Figure 5 shows the evolution of accuracy and recall rate with the number of iterations for the training/test datasets. As the number of epochs increased, the loss on the training set gradually decreased, while the loss on the test set initially decreased but then gradually increased, indicating the occurrence of overfitting. This overfitting is attributed to the small and homogeneous sample size and, for each depth sampling point, we extracted 40 m of data, leading to many samples with similar information. A viable solution is to employ early stopping, as indicated by the gray vertical line in Figure 5, to enhance the model’s predictive accuracy and generalization ability.
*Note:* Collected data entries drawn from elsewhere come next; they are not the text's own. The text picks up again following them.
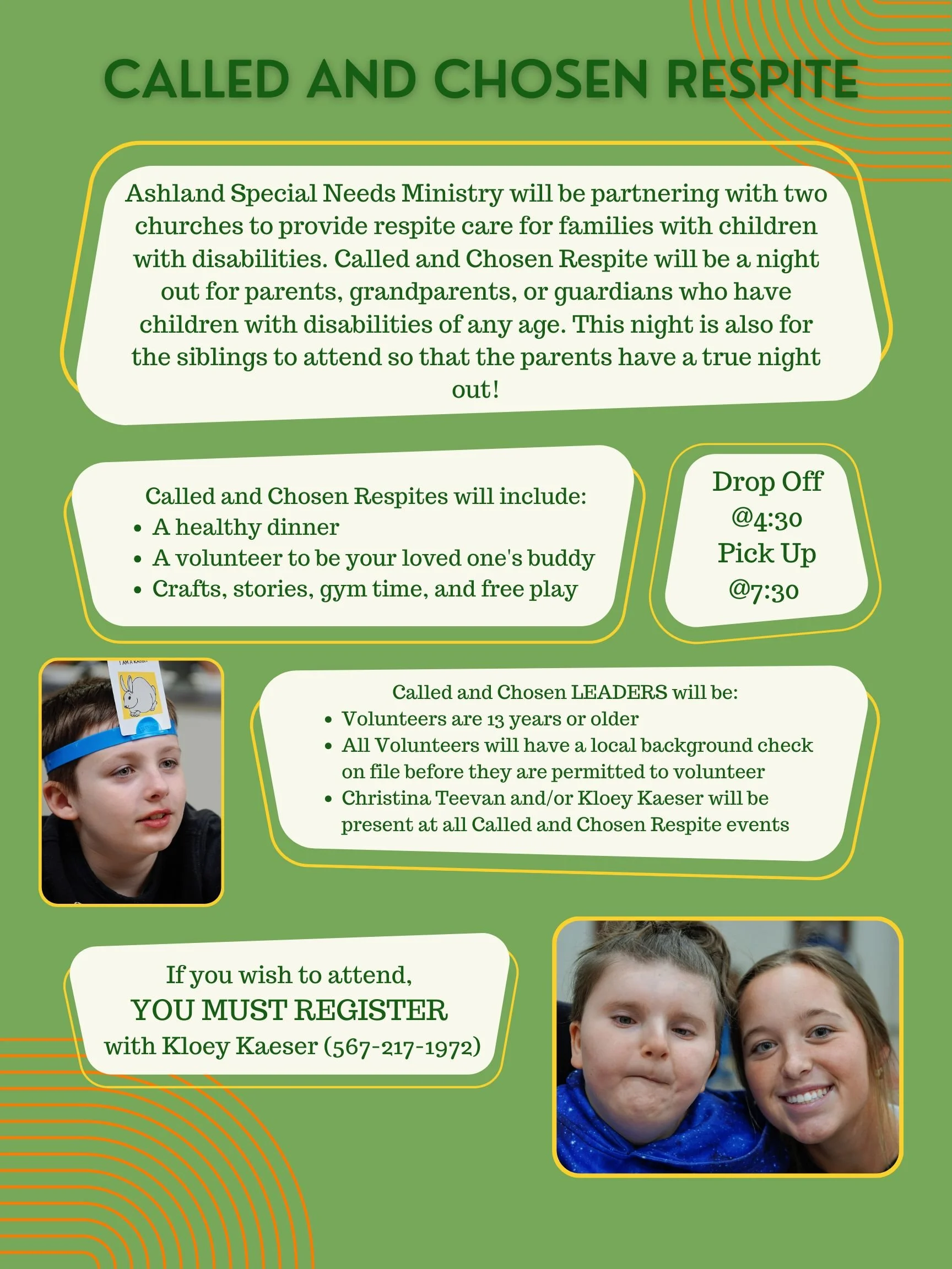Please email Program Director Kloey Kaeser with any questions about respite.
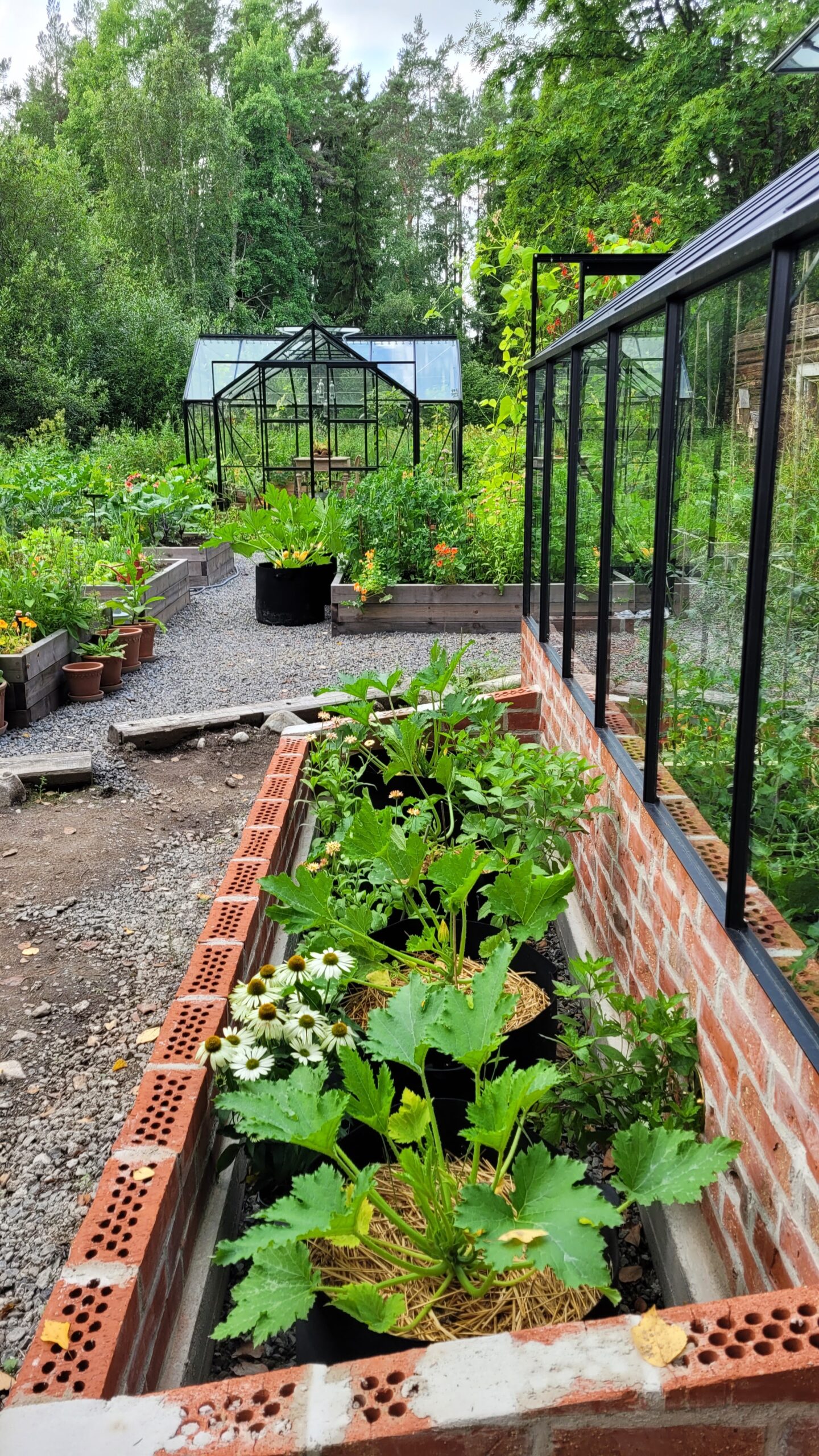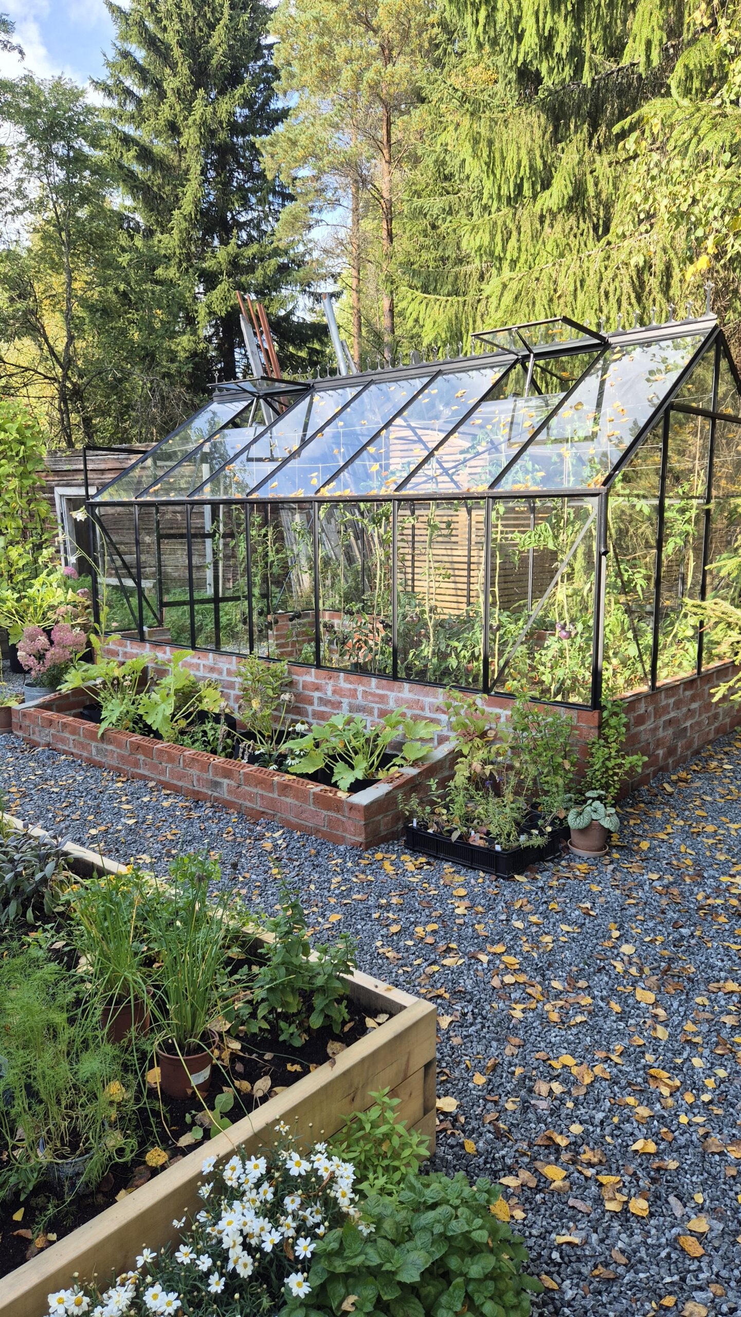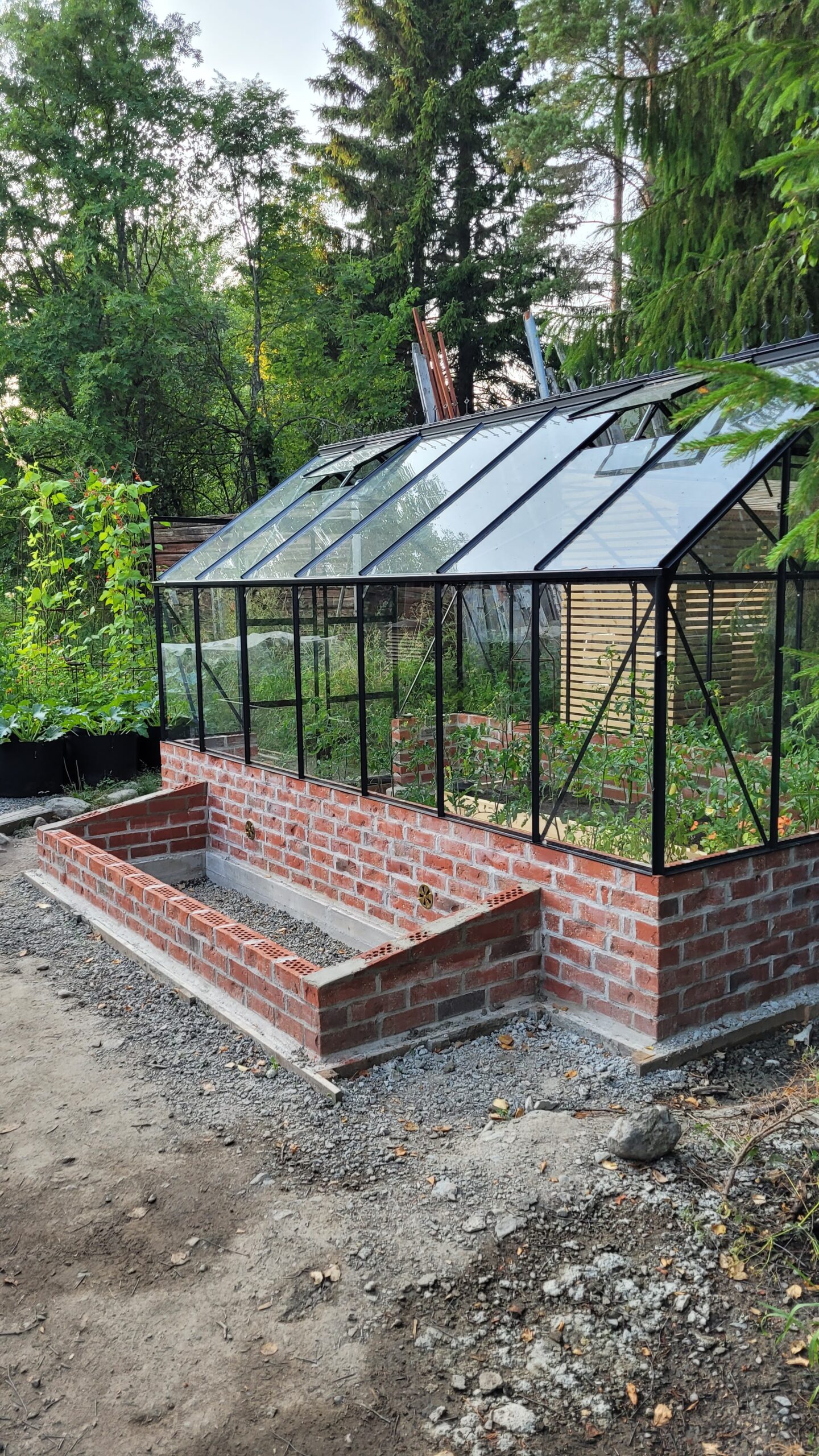 To je zase nadhera 😻 tento sklenik obdivuji a ta vase precizni prace, uplne skoda ho umazat hlinou, ja bych do nej chodila pit kafe a dala si tam kresilka 😁 cihlicky jsou dokonale. A ty palety hliny mi rozproudi krev, vic jak nova kabelka 😆 Uroda byla letos mizerna i u nas, moc prselo, vse plesnivelo. Rajcata visi zelena premrzla venku a uz trochu snezilo. Vedle skleniku mam hortenzie, ale asi udelam zahon na cukety, jako mate vy. Vypada to skvele. Jste uzasne sikovni oba.
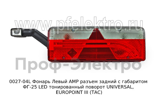 0027-04L Фонарь задний АМР разъем Левый с габаритом ФГ-25 LED тонированный поворот UNIVERSAL, EUROPOINT III (ТАС)
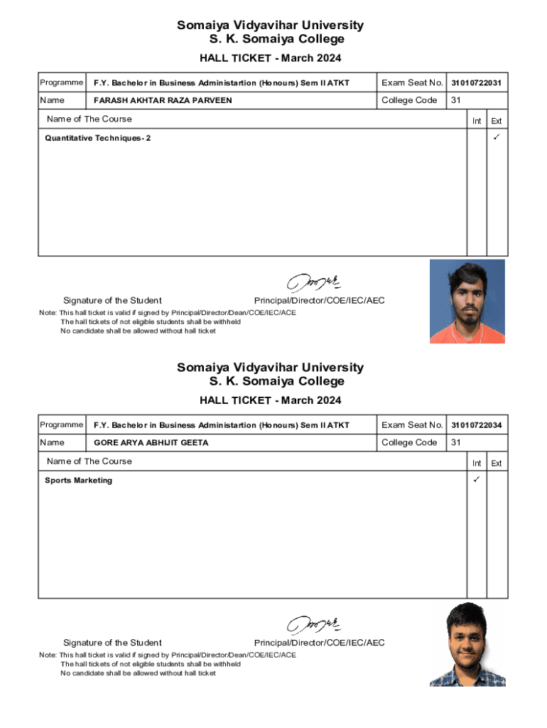 Students eligible for the ATKT exam at Somaiya Vidyavihar University are required to obtain their hall tickets. This includes Bachelor in Business Administration (Honours) students, among others. The finalization of the hall ticket involves the signatures of key authorities such as the Principal, Director, Dean, or Controller of Examinations (COE).
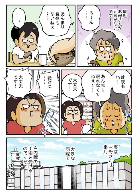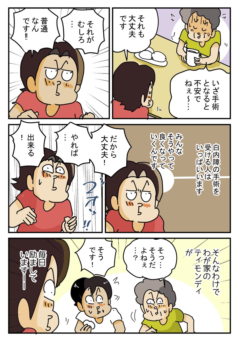 『勇気を出して お母さんの手術』 白内障の手術を受けるお母さんを、わが家のティモンディが毎日励ましております、、 #白内障 #お母さん #手術 #コミックエッセイ #漫画が読めるハッシュタグ ブログはこちら↓ ameblo.jp/yukitanoyonkom…
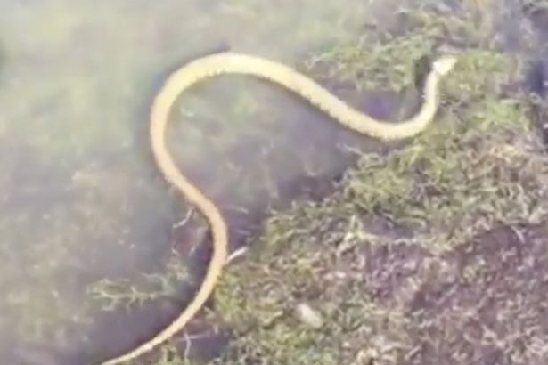 Video trên cho thấy một con rắn đói khát đang rình mò để bắt cá của ngư dân Anh.

In the Random Forest algorithm, the parameter estimators and random states are essential [30]. The number of estimators defines the number of trees in the forest. Generally, increasing the number of trees enhances model performance; however, beyond a certain threshold, adding more trees results in diminishing returns. The random state parameter sets the seed for the random number generator, ensuring the reproducibility of the results. The selection of the number of estimators and random states has a significant impact on the model’s performance. In this study, optimal values for these parameters were determined through grid search based on their performance on the test set [35] (Figure 6).

5. Result and Discussion

The common metrics used to evaluate a model’s performance include precision, recall, and F1-Score. Precision is the proportion of correctly predicted positive samples to the total number of samples predicted as positive, defined as follows [36]:

P r e c i s i o n = \frac{T P}{T P + F P}

where TP and FP are true positive and false positive. TP is the number of instances correctly classified as positive, while FP is the number of instances incorrectly classified as positive.

Recall, also known as sensitivity, is the proportion of correctly predicted positive samples to the total number of actual positive samples.

R e c a l l = \frac{T P}{T P + F N}

The F1-Score is the harmonic mean of precision and recall, providing a single metric that balances the two [37].

F_{1} = 2 \times \frac{P r e c i s i o n \times R e c a l l}{P r e c i s i o n + R e c a l l}

We evaluated the performance of various trained models on the test set, with the statistical distributions presented in Figure 7. It is clear that the predictions of other types exhibit the best performance due to the substantial samples, with both the precision and recall for all three models approaching 90%. Following this, the precision and recall of coal seams are approximately 80% across the three models. Sandstone typically achieves precision levels of above 70%, but its lower recall suggests that the models may overlook sandstone instances. Despite the greater number of sandstone samples compared to coal, its performance is inferior, indicating that the three types of well logs are more sensitive to coal seams. Limestone shows the poorest performance, characterized by lower precision due to the limited number of limestone samples, which account for only about one-tenth of the total sample size. Nevertheless, limestone exhibits a high recall, suggesting that all three models are capable of identifying limestone structures of sufficient thickness (e.g., Figure 8).

To further assess the performance of the models, we employed additional data from three wells (No. 1, No. 2, No. 3) for lithology classification. These data are independent of both the training and test sets, allowing us to evaluate the models’ generalization capabilities.

In Well No. 1 (Figure 8), the predictions from all three models are generally consistent. Coal seams are characterized by intermediate resistivity and low density; sandstone is associated with high resistivity, high density, and low gamma values; and limestone, while similar to sandstone, exhibits higher resistivity. Argillaceous’ features are more complex, with a natural gamma content varying with clay content, generally higher density, and lower resistivity. All three models demonstrate high accuracy in predicting coal. Among the predictions, the primary sandstone interfaces are largely aligned. However, some sandstone layers are mistakenly identified as limestone due to the similarities in high resistivity, high density, and low radioactivity between sandstone and limestone in well logs, despite limestone’s higher resistivity. The models effectively identify thick limestone layers in deeper sections, indicating a high recall for limestone detection. Nevertheless, the CNN and ResNet exhibit lower precision in limestone identification, while RF achieves higher precision for limestone but shows relatively lower precision and recall for sandstone compared to the neural networks (Table 2).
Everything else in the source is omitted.